Homer Council on the Arts
344 W. Pioneer Ave.
Jubilee Youth Art, by various youth artists
5-7 p.m., First Friday Reception
April is Jubilee! month in Homer, the annual showcase of youth arts. For First Friday, HCOA shows a selection of art by local young artists.
Paul Banks Elementary School
1340 East End Road
Paul Banks Arts Extravaganza, music and art by Paul Banks students
5-7 p.m., First Friday Reception
Paul Banks Elementary School once again features its spring Art Extravaganza with art in various media from all students. The evening also includes a hands-on art table where students will be able to make a fun art project with their family and bring it home. Live music is by the Homer Youth String Orchestra with violin performances by the Preludes. Appetizers will be served by staff members.
Pratt Museum
3779 Bartlett Street
Qena Sint’isis, by Argent Kvasnikoff
Jubilee! by youth artists
5-7 p.m., First Friday Reception
Argent Kvasnikoff’s Qena Sint’isis presents a unique form of cultural expression that describes a new take on the indigenous culture of the southern Kenai Peninsula using the universal experience of language. This visual representation of the Dena’ina language conveys the importance of people’s relationships with all language, and how cultural information can be found within visual language.
In the downstairs gallery, more Jubilee! art by youth artists is shown.
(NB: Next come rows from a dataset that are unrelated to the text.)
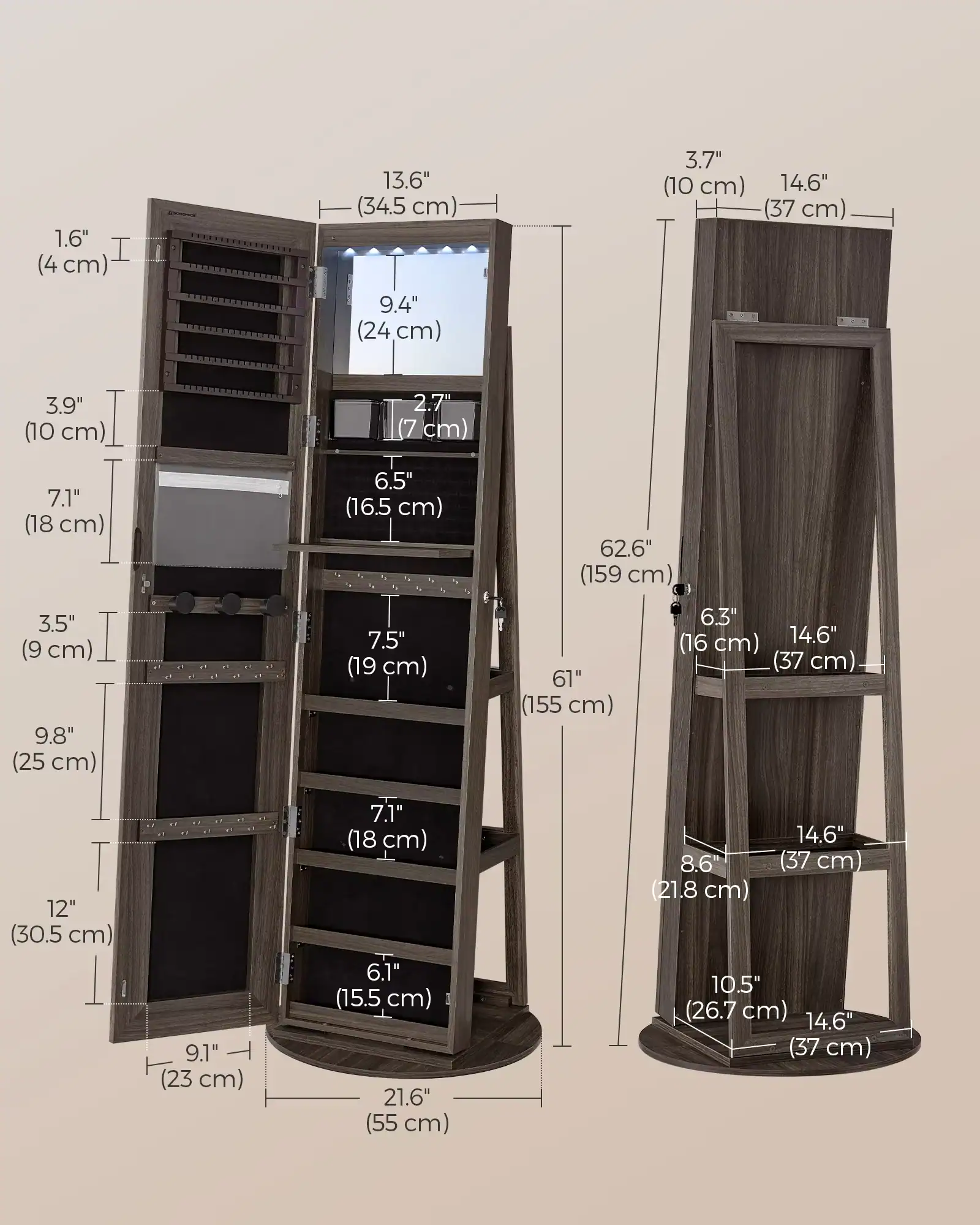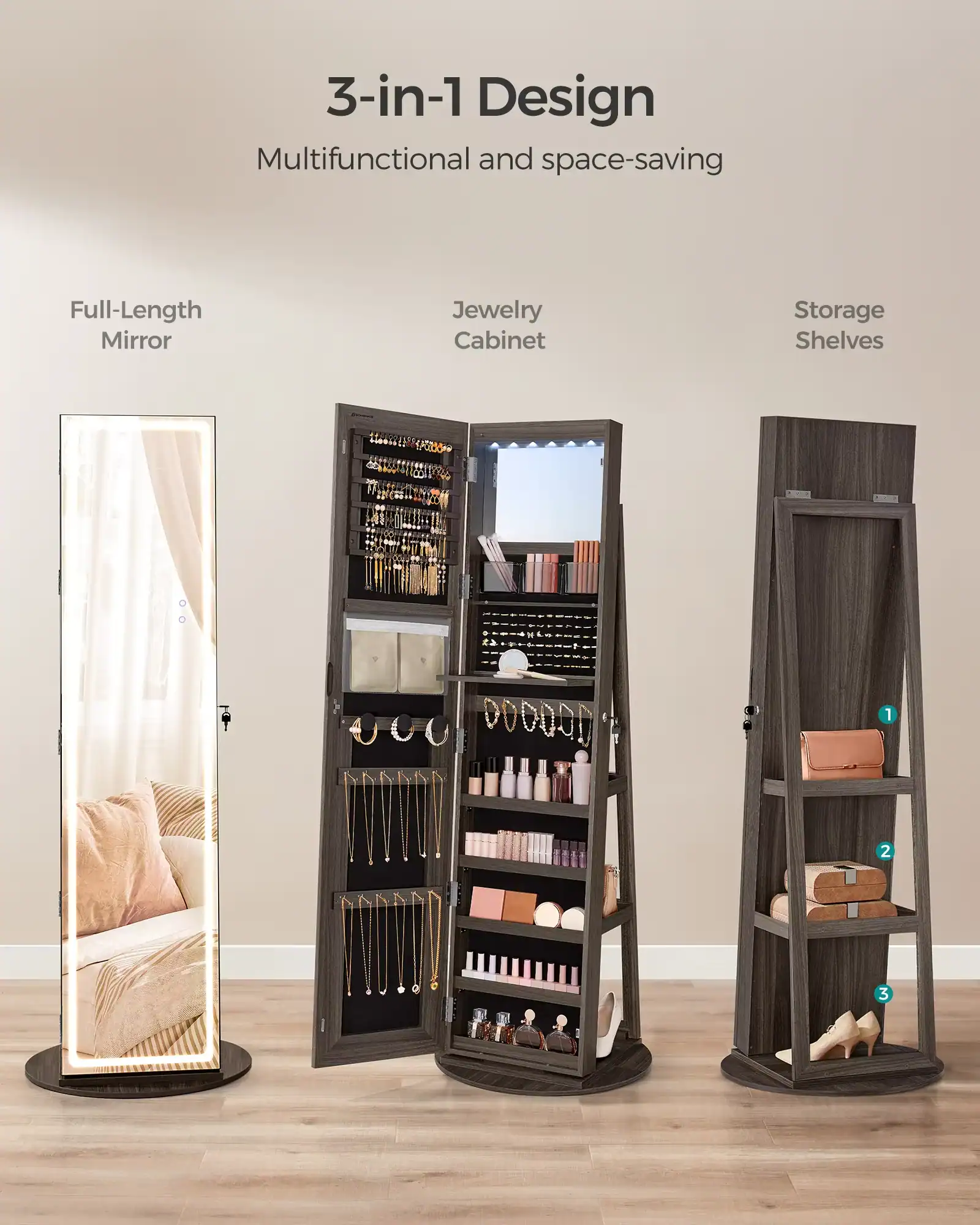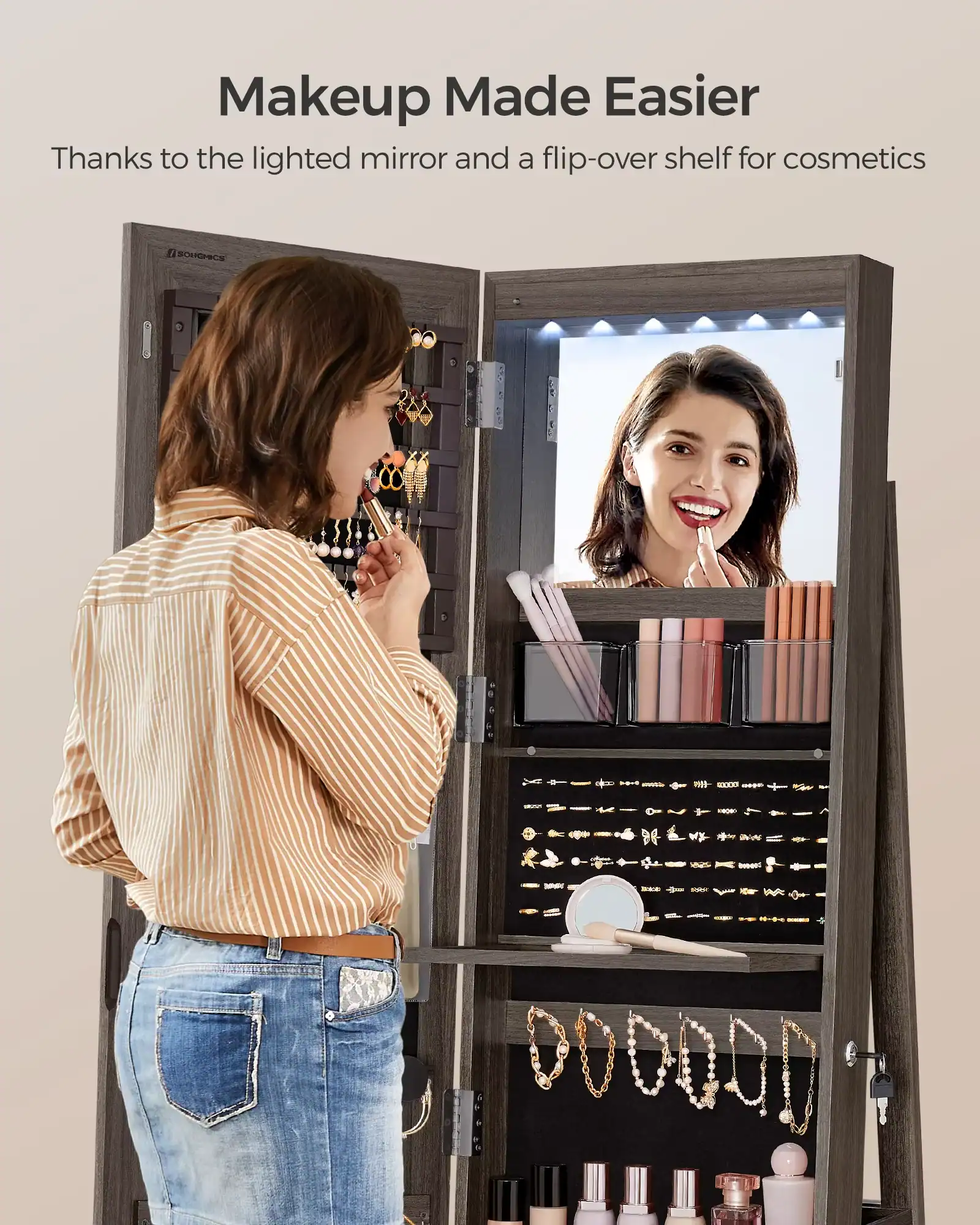 Whether you’re getting ready for a night out or organizing your treasured collection, this jewelry cabinet is your go-to solution. Its smart LED lighting and built-in vanity make it ideal for early mornings, late nights, or any time you want to look your best. The generous storage ensures you’ll never misplace a piece of jewelry again.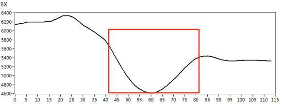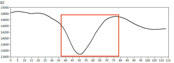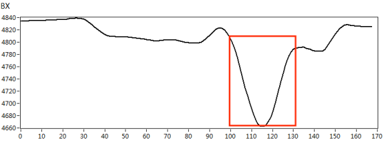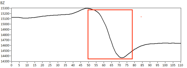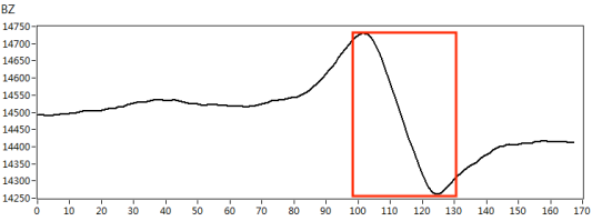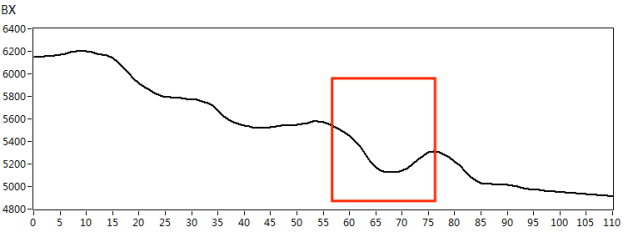 我們根據(jù)實(shí)際檢測對(duì)象的材質(zhì),制作了420*180mm規(guī)格的碳鋼材質(zhì)小接管管座試塊,試塊上角焊縫位置處分別有長度*深度為10mm*3mm、5mm*2mm的人工刻槽作為模擬缺陷,如下圖3所示。采用X1-LP-10型筆式探頭,首先在功能測試試塊上對(duì)交流電磁場檢測系統(tǒng)的綜合性能進(jìn)行核查,得到典型缺陷的特征信號(hào),如圖4所示。然后再對(duì)小接管管座試塊進(jìn)行缺陷掃查,得到以下缺陷掃查圖像,檢測圖像如圖5、圖6所示。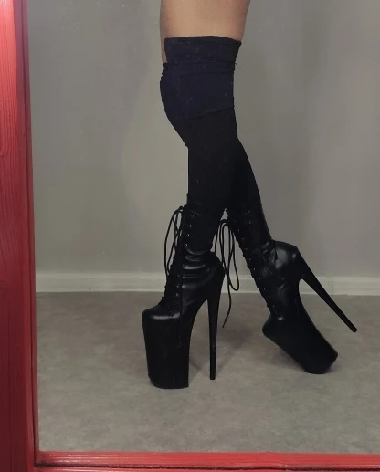 Ботильоны на высоком каблуке 9 дюймов для банкета, на весну и осень, на тонком каблуке 23 см, для танцев на шесте, матовый черный, Модельные ботильоны для сцены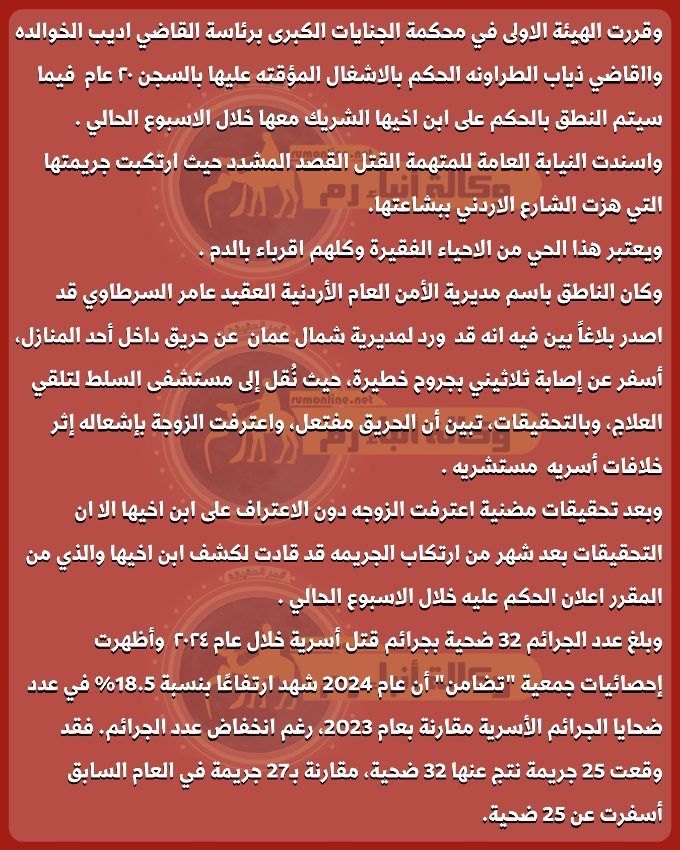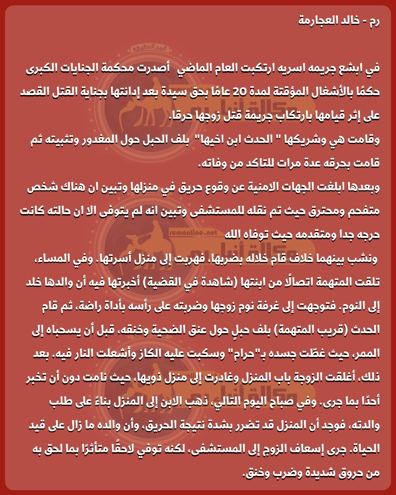 السجن 20 عاما لامرأة ارتكبت ابشع جريمة قتل بحق زوجها و"رم" تنشر التفاصيل .. !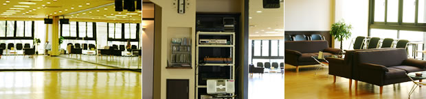 脚にやさしい床、鏡・音響設備を設置、スタジオは、使いやすく、踊りやすい、そして中・上級者もご満足いただける空間です。又、少人数から大人数での使用、本格的な設備でのスタジオ発表会など多様な目的にあわせてご利用ください。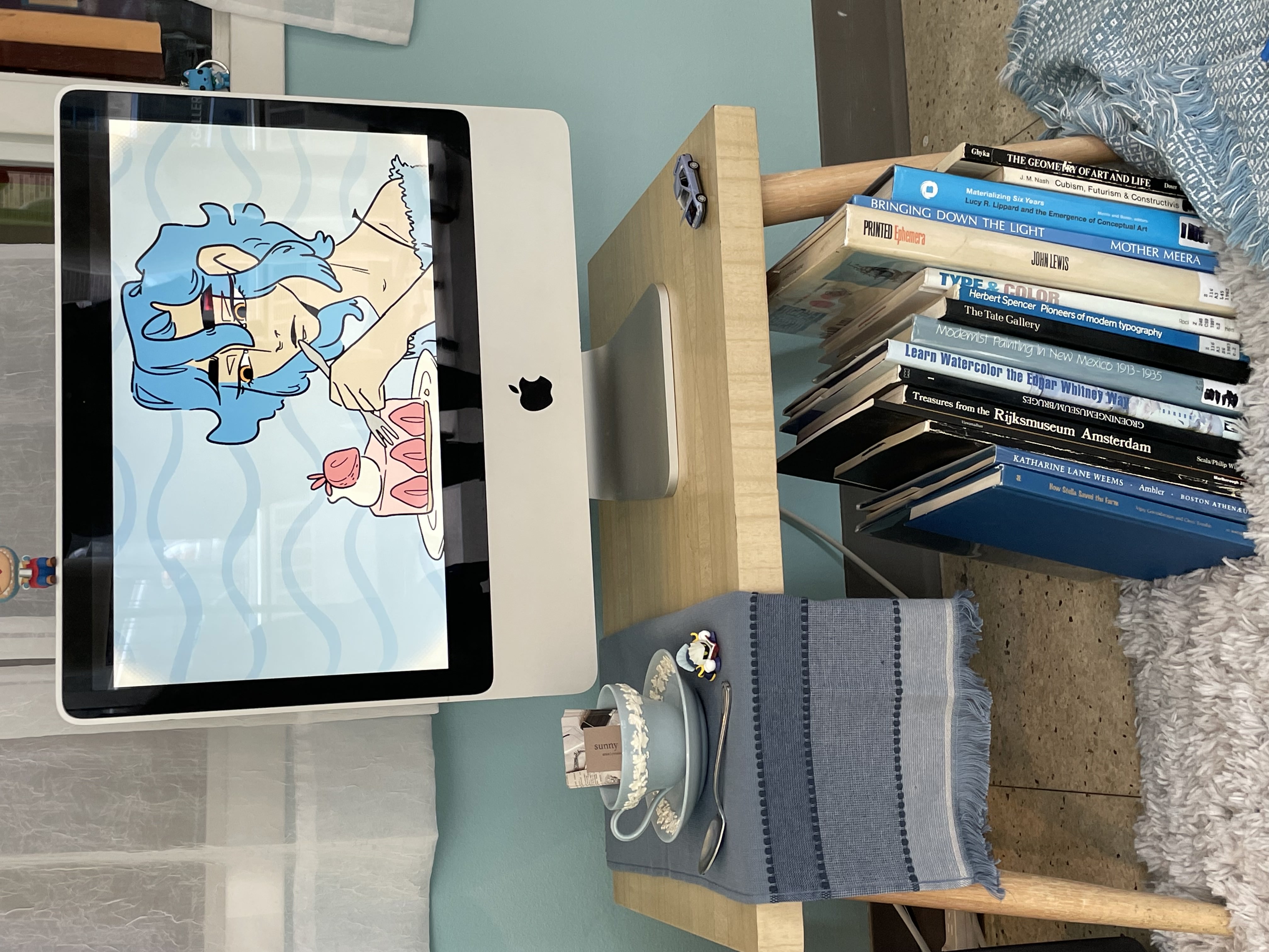 Sunny, before all else, is a purple person (their favorite color being #a57df0). Much of their work revolves around color and the human condition. It is put into practice through a term they call "colorfetish," which is the intentional immersion and self-embodiment of a color in both life and art. Currently they are contemplating how their physical practice may be teetering on the line of coping and self-destruction.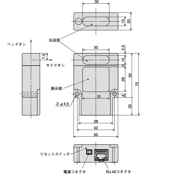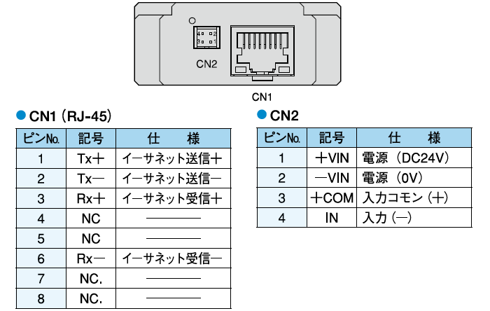 | 接続 | コネクタ式〔CN1:イーサネット(モジュラジャックRJ-45)、CN2:電源・入力〕※CN2のみケーブル(ケーブル長2m)が付属しています。 |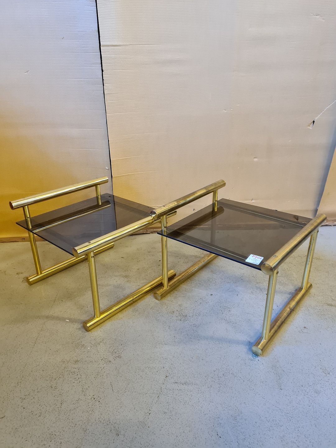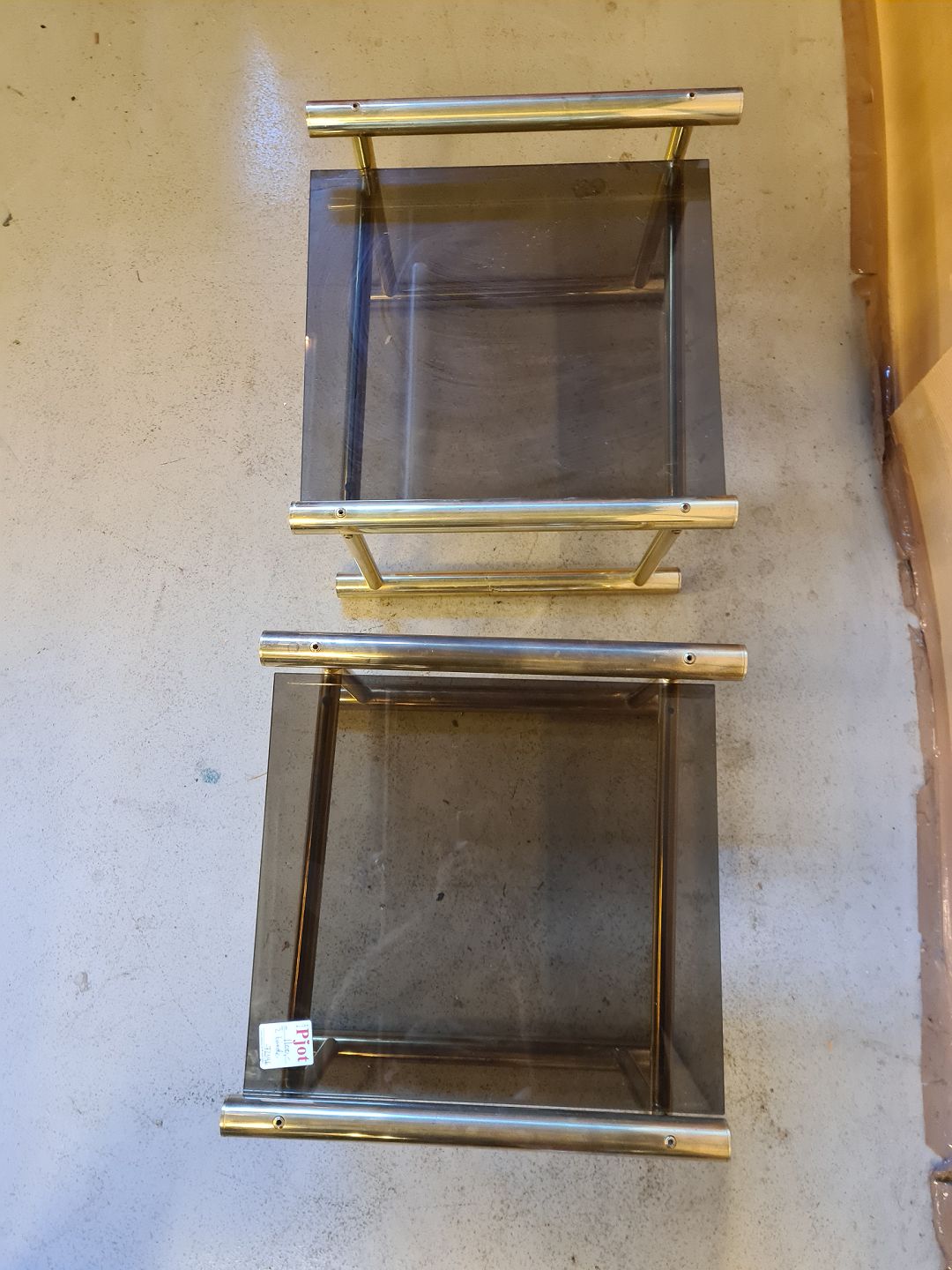 2 Borde i messing med glasplade, fra 1980erne.

Ptarmigan Arts Back Room Gallery
471 E. Pioneer Ave.
Challenge Quilts, fiber art by varioius artists
5-7 p.m., First Friday Reception
The quilts on display are mostly “challenge” quilts, small quilts created according to a specific theme. There are two local quilting challenges each year: one for the Kachemak Bay Quilters annual quilt show on Mother’s Day weekend in Homer, and one sponsored by the Kenai Peninsula Quilt Guild, to which many of the Homer quilters belong. The KPQG quilts go on tour around the Peninsula together or one year and are then returned to their quilters. Some of the past challenges represented in the Ptarmigan Arts show include Trees, Self-Portrait, Alaska Flowers, Animals and Chaos. The challenges for 2017 are “Between The Tides,” which will debut at the Homer quilt show, and “Chemistry,” for the Kenai Peninsula Quilt Guild.